Si sentiva profondamente unito a don Alvaro del Portillo, il Prelato dell’Opus Dei. Per il Prelato e le di lui intenzioni offriva a Dio non pochi dolori e contrarietà. Quando nel 1988 il Prelato stava compiendo un viaggio in America, gli scrisse: «Mi sono composto una filastrocca da cantare interiormente per accompagnarLa di notte, quando mi sveglio, e Lei in America è in pieno pomeriggio».

Toni era inoltre perfettamente conscio che a motivo della sua situazione eccezionale poteva offrire un sostegno particolare ad altre persone per incoraggiarle nella loro fede. Ricevette un gran numero di visitatori al suo capezzale. Ben lontano dal cercare compassione, si preoccupava invece dei loro problemi e di ciò che stava loro a cuore. Spesso approfittava della situazione per «andare subito a fondo e parlare di Dio». In questo modo fece sì che più di uno vedesse sotto una luce nuova il proprio rapporto con Dio e decidesse di approfondirlo.

«Gesù si scelse una sorte peggiore»

Nella sua situazione Toni pensava alla sorte che volle scegliersi Gesù Cristo alla fine della Sua vita terrena. Ecco un paragone che lo aiutava a non prendere troppo sul serio la propria malattia: «Dio per amor nostro, coll’Incarnazione, ha scelto per sé la morte in croce; se essere malato di leucemia fosse stato una maggior mostra d’amore, avrebbe scelto questa …». Era sempre molto grato a coloro che pregavano per lui, ma lasciava che fosse il Signore a decidere quante di tali preghiere dovessero andare a suo giovamento e quante invece – si esprimeva così – andassero deviate «per intenzioni ben più serie e importanti».

Nel marzo 1988 ebbe un violento accesso febbrile, con temperature superiori ai 40 gradi. Qualcuno rimase per ore al suo capezzale per raffreddargli la fronte. «È stato magnifico», commentò in seguito: chi l’aveva assistito era stato «come una mamma» per lui. Un anno più tardi scrisse di nuovo al Vescovo del Portillo.
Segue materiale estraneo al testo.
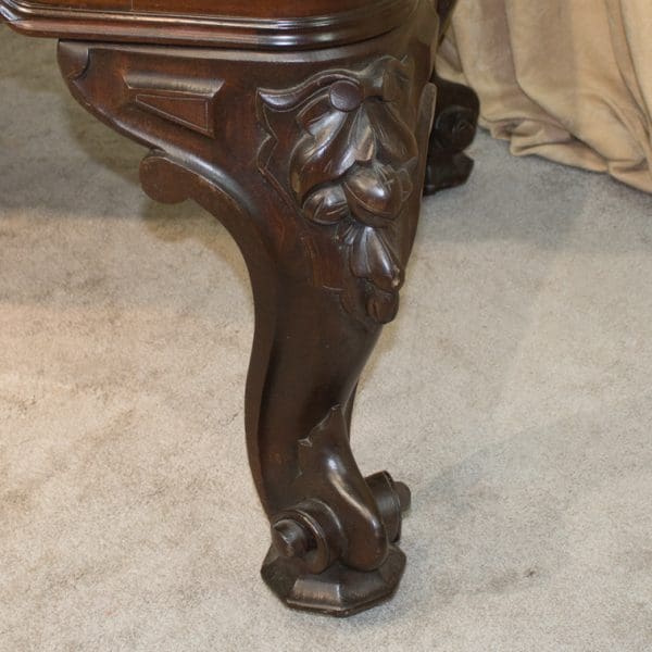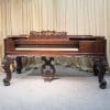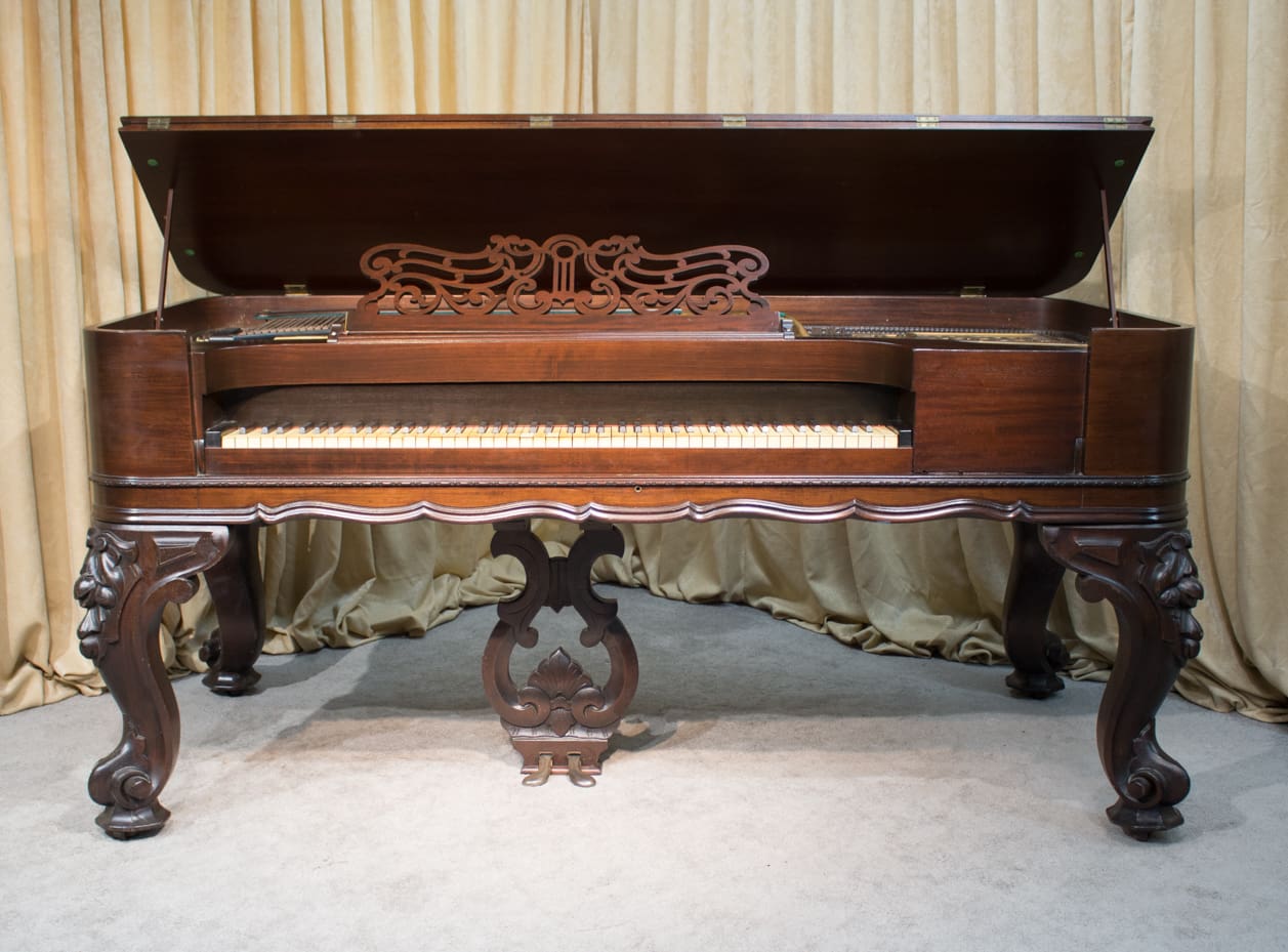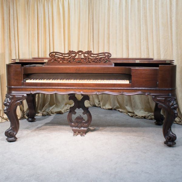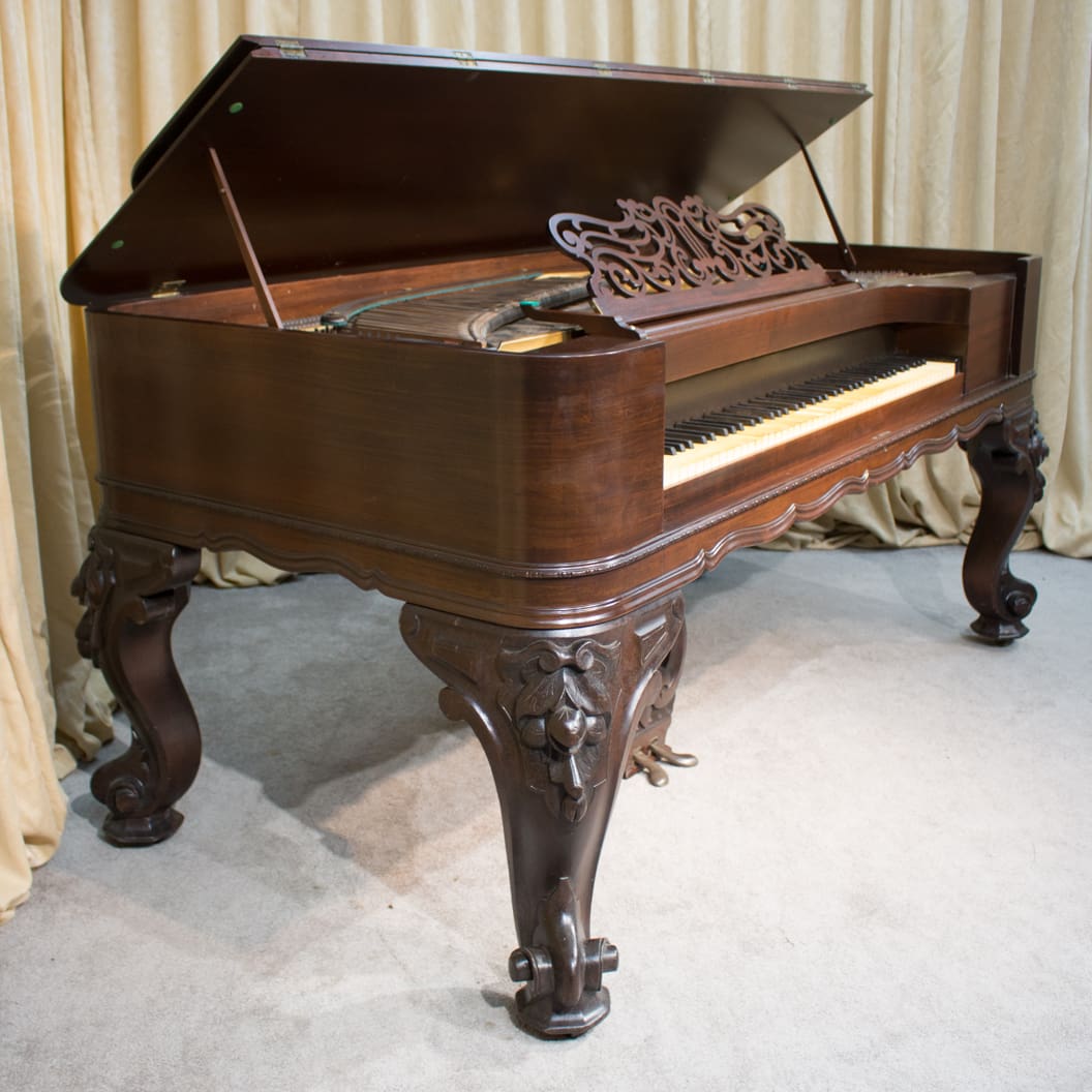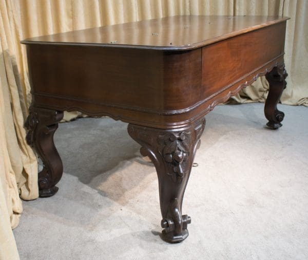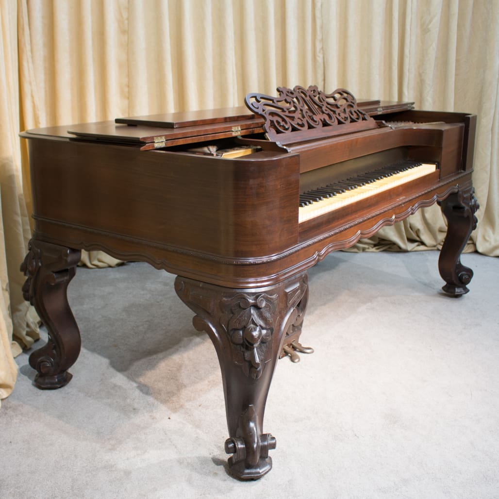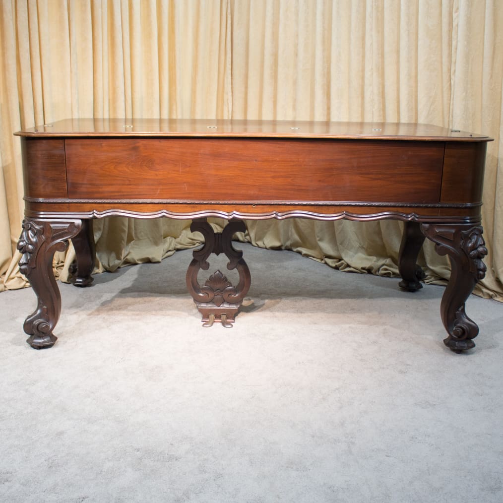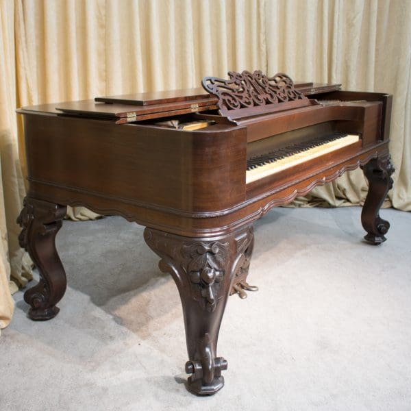 The cabinet is made of beautifully carved Brazilian Rosewood and is of the Rococo Victorian style. This piano was one of the larger, higher grade square piano models offered by Ivers & Pond. It features a full 88-note keyboard when most square pianos were built with 85 notes. The back of the piano is also built to be finished like the front of the piano which allows the instrument to sit in the middle of a room rather than against a wall, if desired.

Gli parlò dei suoi contatti con ogni genere di persone amiche e terminò osservando: «Come vede: ‘me la passo alla grande’. E procurerò esserLe sempre più vicino, approfittando di questo tesoro che ho, e che per il momento si traduce solo in un po’ più di stanchezza». In un appunto a margine Del Portillo annotò: «E questo malgrado sappia che la sua malattia è giunta alla fase terminale e in qualsiasi momento la situazione può precipitare». Pochi giorni prima della sua morte Toni fu colpito da un’emorragia cerebrale. Di conseguenza di tanto in tanto non riusciva a parlare, malgrado la mente fosse perfettamente lucida. La cosa lo lasciava assolutamente imperturbabile e scherzava: «Il computer funziona ancora, ma la stampante non ce la fa più».

“Una storia d’amore”

La lunga malattia terminò il 24 novembre 1989, quando Toni morì nelle prime ore del mattino. Pochi minuti prima di esalare l’ultimo respiro, con un gesto della mano si accomiatò dai due amici presenti al suo capezzale. Nei giorni precedenti la morte aveva assicurato più volte a una persona di fiducia che la sua vita era stata «una storia d’amore con Dio». Era arrivato ad avere con Lui un rapporto meraviglioso, una cosa che lo commuoveva e per la quale era immensamente grato.

Giunto alla fine della sua vita, Toni era certo di avere trovato la vera felicità: non solo quella che l’uomo si procura da solo e che prima o poi si converte in dolore, bensì la felicità che proviene da Dio e nel dolore giunge alla sua piena perfezione. Sperimentò nella propria anima ciò che qualche anno più tardi il papa Benedetto XVI avrebbe descritto nel suo libro Gesù di Nazareth: «La croce è la vera ‘altezza’. È l’altezza dell’amore ‘sino alla fine’; sulla croce Gesù è all’‘altezza’ di Dio, che è Amore» (Ed. Rizzoli, Milano 2007, p. 399).